• _Exercise objective_
Please write out every line of the listing without alteration, but omit the images.

• _Exercise materials_
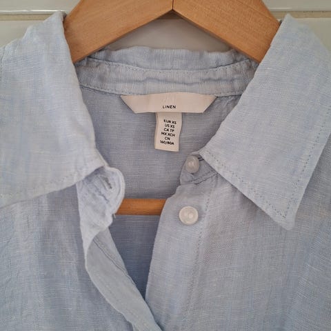 Tom Tailor tummasininen 100% pellavapaita / pusero, reilu koko 34. hihat voi kääriä ylös ja kiinnittää napilla. Pituus 60 cm, ry 90 cm.
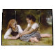 Den varma hösten sol gick genom löven av hasselnöten träd och kastade dansskuggor på golv. Två unga flickor, Elise och Juliette, satt under sitt grenar, en liten hög av gyllene nöt, som hamnade bland de fallna löven. - Elise, de två äldres ledare, lutade mot råbarken i träd, ett eländigt glatt i hennes ögon. Hon höll en handfull nöt som teasymmetriskt över Juliettes huvud. "Försök att fånga dem, petite souris!" "Hon kröpte, spränger nöt med en glad gigg." - Juliette, en piskvind av rörelse, jagad efter det fallande nöt, hennes skratt ekar genom skogen. Hon gjorde en handfull fräckhet, och hennes ansikte spolade med ansträngning och glädje. "Du är omöjlig, Elise!" sa hon, hennes röst andlös. - Elise grinned, hennes ögon crinkling i hörnen. "Det är tanken, morsa petite!" retorterade hon och kastade några nöt till luft. - De tumlade och valsade bland löven och skrattade åt träd:s skonsamma rostning. För ett ögonblick verkade världen krympa till bara de två, borttappad i deras eget privata spel. - Juliette, som tog andedräkten, tittade runt på det nedbländade solljuset genom löven. "Det är så vackert här," hon såg innehållslöst. "Jag önskar att vi kunde stanna här för evigt." "Jag också", erkände hon. "Det är som en hemlig trädgård." - De tystade, innehåll i varandras sällskap och skogen fredliga lugn. Elise, drömmaren, började föreställa sig vad de skulle göra med sina skatter. "Vi kanske kan rosta dem över branden," "och berätta historier hela kvällen." - Juliettes ögon breddade sig. "Eller kanske vi kan göra ett halsband för Grand-Mère", sa hon, hennes röst fylld av upphetsning. "Hon hasselnöthalsband i kärlek." - När sol började dyka under horisonten och kasta långa skuggor över golv, samlade flickorna motvilligt sitt nöt och började ta sig hem. De gick hand i hand, deras skratt smällde in i avstånd och lämnade bakom en bana med gyllene löv och den kvardröjande skygglappet på hösten. - skogen, gång vid liv med sin lekande schatter, återvände till sitt fredliga slumpar, det enda ljud som den milda viskaren av vinden genom träd. Men minnet av deras skratt, som skogsmokens scent, stannade långt efter det att de var borta, en påminnelse om barndomens enkla glädjeämnen och en gemensam hemligas bestående magi. - Les Noisettes eller The Nöt Gatherers är en 1882-oljemålning av den Fransk konstnären William-Adolphe Bouguereau. Detta arbete är offentligt i land i ursprung och andra land och i områden där upphovsrätten är upphovsmannens livstid plus 100 år eller mindre.
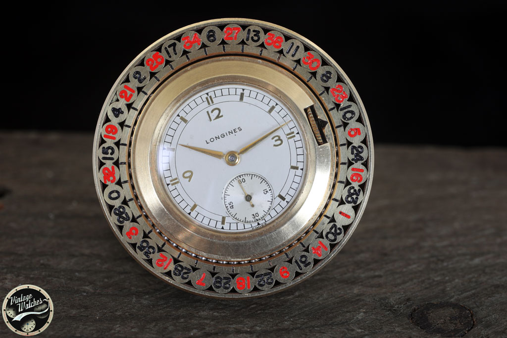 LONGINES DA TASCA IN ORO CARICA MANUALE CON RUOTA ROULETTE GIREVOLE PRODOTTO NEL 1945
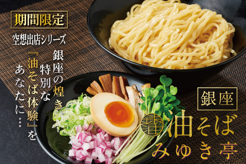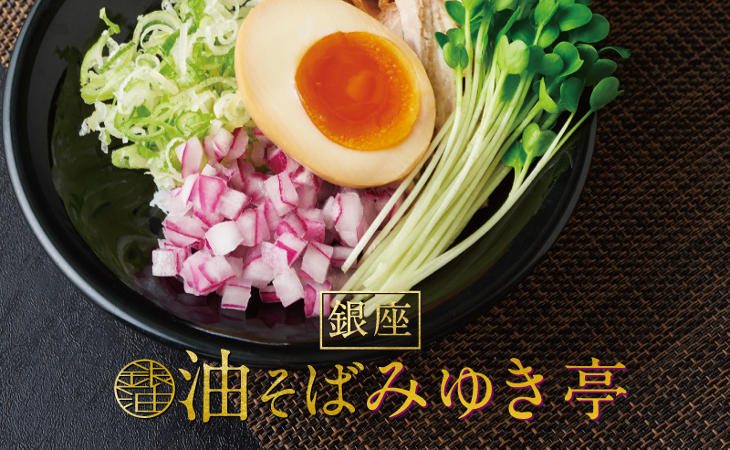 - 銀座油そばみゆき亭の具材は、ネギ、メンマ、味玉、刻みチャーシュー、カイワレ、レッドオニオンをご用意。様々な食感の具材により、最後まで飽きることなくお召し上がりいただけます。
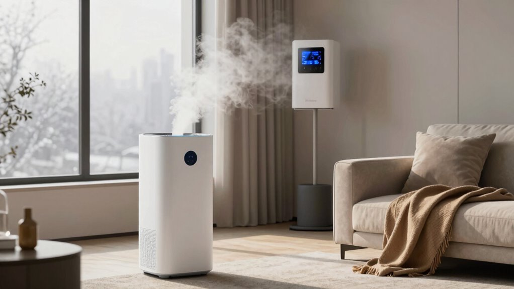 Choosing the right whole house humidifier can truly transform your winter comfort. Think of it like balancing a scale—you want enough moisture to ease dry air without overdoing it. By considering factors like room size and features, you can find the perfect fit. Just like a well-tuned instrument, the right humidifier keeps your home harmoniously comfortable, making cold months more bearable and healthier for everyone.
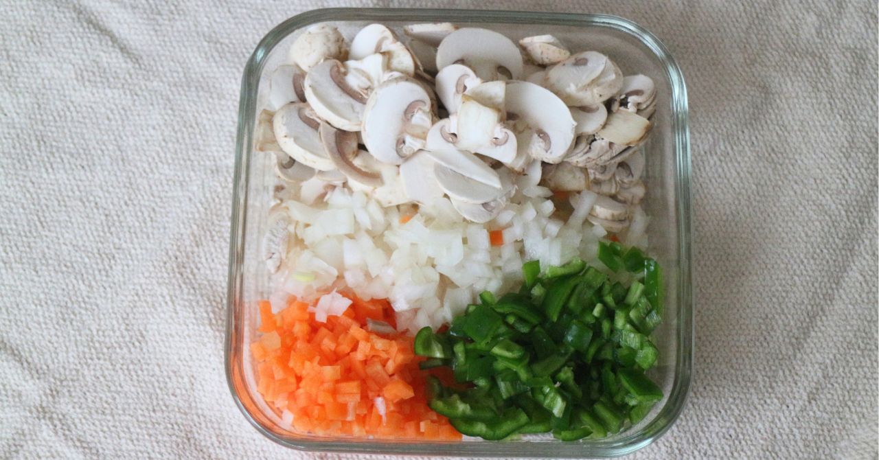 ③にんじん、玉ねぎ、ピーマンはみじん切り、マッシュルームは薄くスライスします。
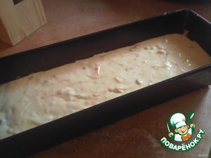 Соединить муку с жидкой смесью. Смазать форму маслом, дно выстелить бумагой, вылить тесто.
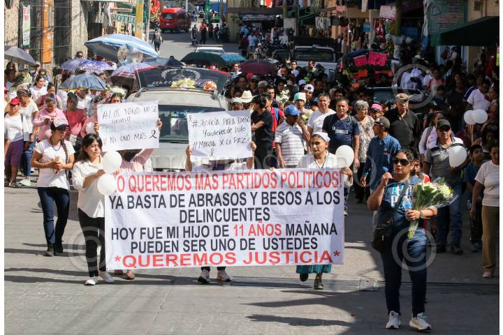 YAUTEPEC, MORELOS, 04DICIEMBRE2024.- Cortejo fúnebre del niño Diego de 11 años, alumno de sexto grado de la escuela primaria Miguel Hidalgo de este municipio. El niño murió luego de que fue herido por una bala pérdida, cuando acudió a comprar tortillas y quedó en medio de una balacera donde un hombre de 36 años fue asesinado. Vecinos, familiares, compañeros de escuela acompañaron el cortejo que recorrió las calles del municipio, llegando al zócalo donde el padre del niño lanzo un fuerte mensaje a la sociedad y gobernantes. FOTO: MARGARITO PÉREZ RETANA/CUARTOSCURO.COM
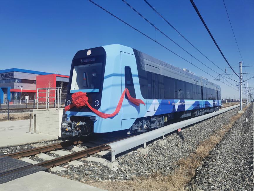 "Using hydrogen fuel cells as the main power source, the train can be charged fully in 15 minutes, for a driving range of no less than 100 kilometers," said Zhang Hong, deputy general manager of Beijing Jingtou Rail Transit Technology Research Institute Co, developer of the train.
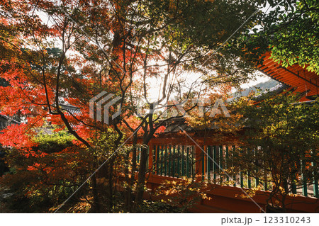 [毘沙門堂門跡] 色彩繽紛的秋葉和歷史悠久的寺廟
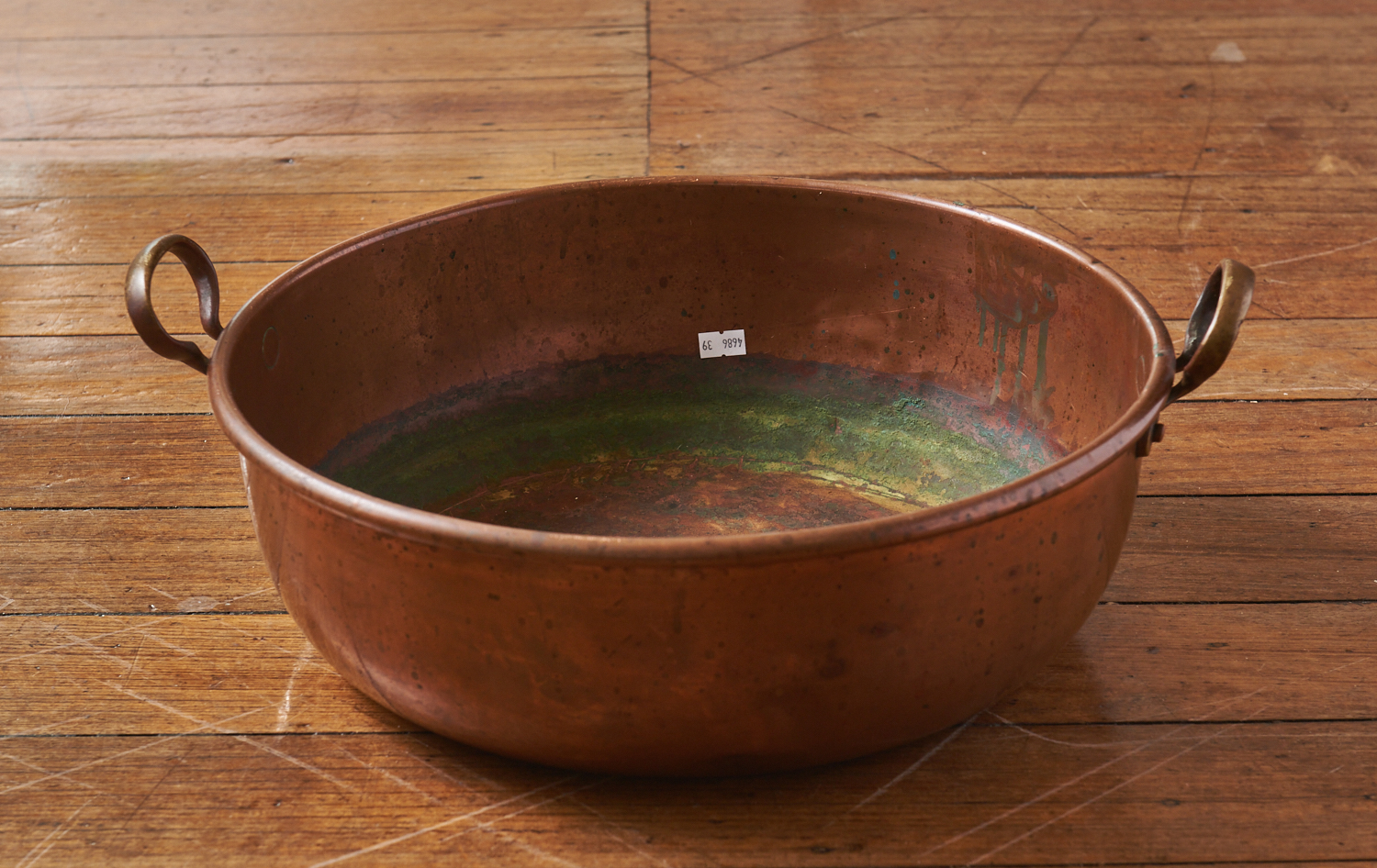 A COPPER PRESERVING POT WITH BRASS HANDLES, DIA.40CM, LEONARD JOEL LOCAL DELIVERY: MEDIUM
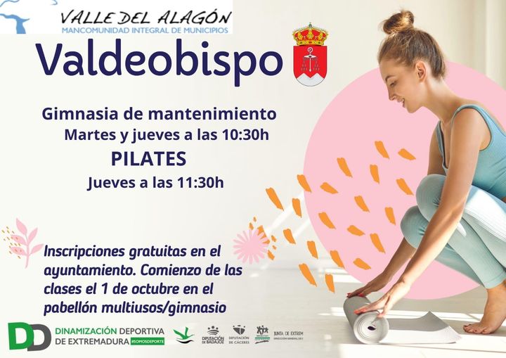Clases de gimnasia de mantenimiento y pilates. 04 octubre 2024 El día 1 de octubre comienzan nuevamente las clases de gimnasia de mantenimiento y pilates. Si estás interesado/a, no dudes en apuntarte en el Ayuntamiento.
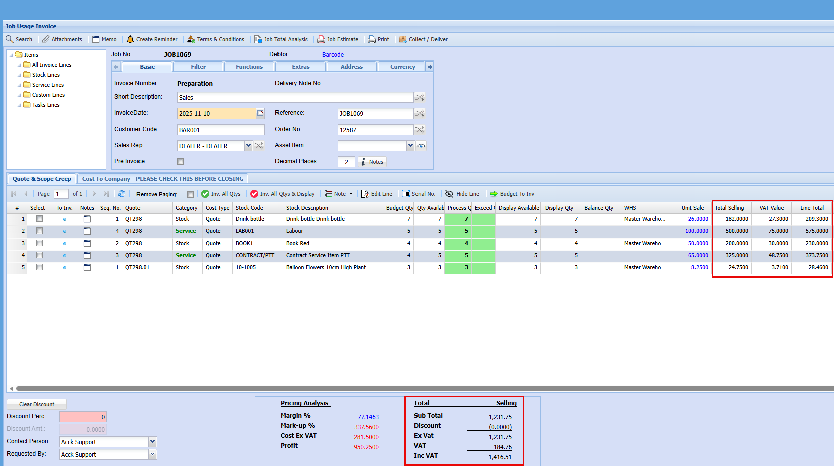 - You can compare quoted item costs and selling prices against actuals and invoiced amounts.
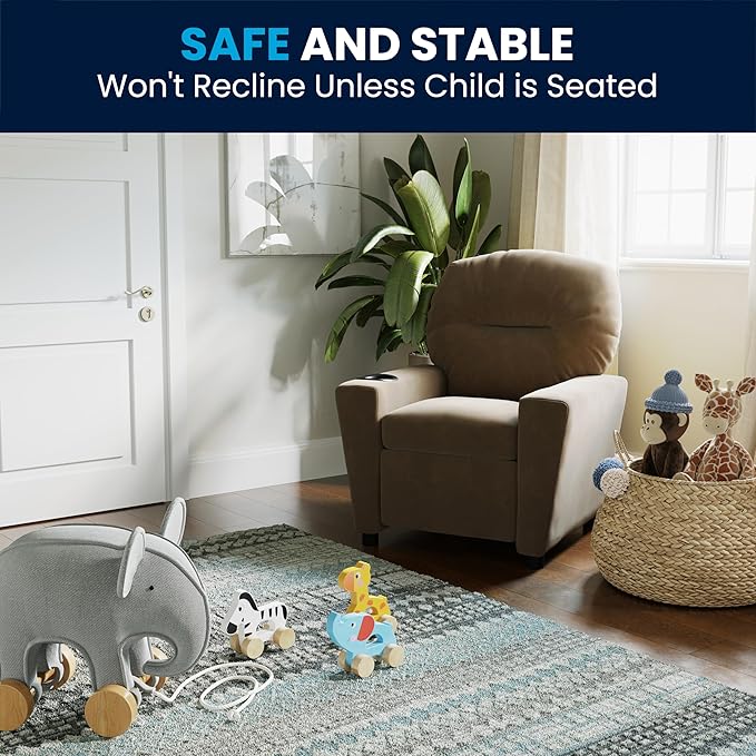 - KID-FRIENDLY AND COMFY: Plush padded back provides superior comfort for your little ones, and the safety feature will not allow the chair to recline unless your child is in seated position and pulls ottoman 1" out and then reclines

• _Solution for this problem_
 Tom Tailor tummasininen 100% pellavapaita / pusero, reilu koko 34. hihat voi kääriä ylös ja kiinnittää napilla. Pituus 60 cm, ry 90 cm.
 Den varma hösten sol gick genom löven av hasselnöten träd och kastade dansskuggor på golv. Två unga flickor, Elise och Juliette, satt under sitt grenar, en liten hög av gyllene nöt, som hamnade bland de fallna löven. - Elise, de två äldres ledare, lutade mot råbarken i träd, ett eländigt glatt i hennes ögon. Hon höll en handfull nöt som teasymmetriskt över Juliettes huvud. "Försök att fånga dem, petite souris!" "Hon kröpte, spränger nöt med en glad gigg." - Juliette, en piskvind av rörelse, jagad efter det fallande nöt, hennes skratt ekar genom skogen. Hon gjorde en handfull fräckhet, och hennes ansikte spolade med ansträngning och glädje. "Du är omöjlig, Elise!" sa hon, hennes röst andlös. - Elise grinned, hennes ögon crinkling i hörnen. "Det är tanken, morsa petite!" retorterade hon och kastade några nöt till luft. - De tumlade och valsade bland löven och skrattade åt träd:s skonsamma rostning. För ett ögonblick verkade världen krympa till bara de två, borttappad i deras eget privata spel. - Juliette, som tog andedräkten, tittade runt på det nedbländade solljuset genom löven. "Det är så vackert här," hon såg innehållslöst. "Jag önskar att vi kunde stanna här för evigt." "Jag också", erkände hon. "Det är som en hemlig trädgård." - De tystade, innehåll i varandras sällskap och skogen fredliga lugn. Elise, drömmaren, började föreställa sig vad de skulle göra med sina skatter. "Vi kanske kan rosta dem över branden," "och berätta historier hela kvällen." - Juliettes ögon breddade sig. "Eller kanske vi kan göra ett halsband för Grand-Mère", sa hon, hennes röst fylld av upphetsning. "Hon hasselnöthalsband i kärlek." - När sol började dyka under horisonten och kasta långa skuggor över golv, samlade flickorna motvilligt sitt nöt och började ta sig hem. De gick hand i hand, deras skratt smällde in i avstånd och lämnade bakom en bana med gyllene löv och den kvardröjande skygglappet på hösten. - skogen, gång vid liv med sin lekande schatter, återvände till sitt fredliga slumpar, det enda ljud som den milda viskaren av vinden genom träd. Men minnet av deras skratt, som skogsmokens scent, stannade långt efter det att de var borta, en påminnelse om barndomens enkla glädjeämnen och en gemensam hemligas bestående magi. - Les Noisettes eller The Nöt Gatherers är en 1882-oljemålning av den Fransk konstnären William-Adolphe Bouguereau. Detta arbete är offentligt i land i ursprung och andra land och i områden där upphovsrätten är upphovsmannens livstid plus 100 år eller mindre.
 LONGINES DA TASCA IN ORO CARICA MANUALE CON RUOTA ROULETTE GIREVOLE PRODOTTO NEL 1945
 - 銀座油そばみゆき亭の具材は、ネギ、メンマ、味玉、刻みチャーシュー、カイワレ、レッドオニオンをご用意。様々な食感の具材により、最後まで飽きることなくお召し上がりいただけます。
 Choosing the right whole house humidifier can truly transform your winter comfort. Think of it like balancing a scale—you want enough moisture to ease dry air without overdoing it. By considering factors like room size and features, you can find the perfect fit. Just like a well-tuned instrument, the right humidifier keeps your home harmoniously comfortable, making cold months more bearable and healthier for everyone.
 ③にんじん、玉ねぎ、ピーマンはみじん切り、マッシュルームは薄くスライスします。
 Соединить муку с жидкой смесью. Смазать форму маслом, дно выстелить бумагой, вылить тесто.
 YAUTEPEC, MORELOS, 04DICIEMBRE2024.- Cortejo fúnebre del niño Diego de 11 años, alumno de sexto grado de la escuela primaria Miguel Hidalgo de este municipio. El niño murió luego de que fue herido por una bala pérdida, cuando acudió a comprar tortillas y quedó en medio de una balacera donde un hombre de 36 años fue asesinado. Vecinos, familiares, compañeros de escuela acompañaron el cortejo que recorrió las calles del municipio, llegando al zócalo donde el padre del niño lanzo un fuerte mensaje a la sociedad y gobernantes. FOTO: MARGARITO PÉREZ RETANA/CUARTOSCURO.COM
 "Using hydrogen fuel cells as the main power source, the train can be charged fully in 15 minutes, for a driving range of no less than 100 kilometers," said Zhang Hong, deputy general manager of Beijing Jingtou Rail Transit Technology Research Institute Co, developer of the train.
 [毘沙門堂門跡] 色彩繽紛的秋葉和歷史悠久的寺廟
 A COPPER PRESERVING POT WITH BRASS HANDLES, DIA.40CM, LEONARD JOEL LOCAL DELIVERY: MEDIUM
Clases de gimnasia de mantenimiento y pilates. 04 octubre 2024 El día 1 de octubre comienzan nuevamente las clases de gimnasia de mantenimiento y pilates. Si estás interesado/a, no dudes en apuntarte en el Ayuntamiento.
 - You can compare quoted item costs and selling prices against actuals and invoiced amounts.
 - KID-FRIENDLY AND COMFY: Plush padded back provides superior comfort for your little ones, and the safety feature will not allow the chair to recline unless your child is in seated position and pulls ottoman 1" out and then reclines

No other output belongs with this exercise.